The main and ultimate question of this research is to develop a vaccine for humans able to confer protection against Toxoplasma gondii  but avoiding adverse effects. In particular, the effect of AS15 peptide immunization in conjunction with the adjuvant GLA-SE in HLA-A*11:01 transgenic mice was studied. 

The study addresses numerous aspects of the issue and can be, at some points, of not immediate understanding.  However,  in my opinion, this study provides new information in the field.

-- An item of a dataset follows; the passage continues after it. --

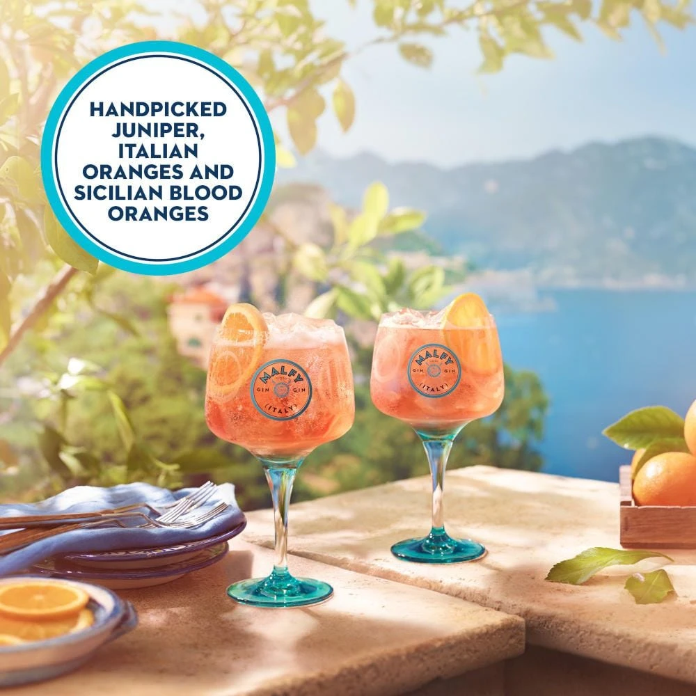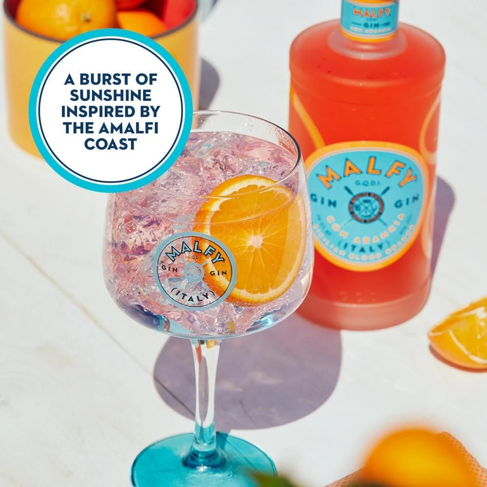 Malfy Gin made from 6 botanicals and Sicilian Blood Oranges. The peel from the Blood Oranges give the liquid a deeply rich red colour and big depth of flavour. Enjoy with an aromatic or light tonic and and garnish with orange peel.

It highlights that the type of adjuvant and epitope may change the immune response, so that their choise need to be balanced. In particular, adverse effects were observed in a subset of boosted female mice; it should be interesting to investigate the cause of the adverse effects in female mice.

The study is rather complex and very articulated in the experimental methodological part. Some experiments were carried out with a low number of animals per group ( i.e. the Immunization with adjuvanted AS15 plus and minus CD8+ stimulating HLA-A*1101 re- 189 stricted epitopes and the universal CD4+ stimulating epitope PADRE, shown in Figure 2) and the statistical analysis may be partly affected by the small sample size; a Fisher test could be more appropriate. However, given the high number of experiments, I understand that it may be difficult to set up an appropriate set of in vivo tests. For this reason, I raised no objections.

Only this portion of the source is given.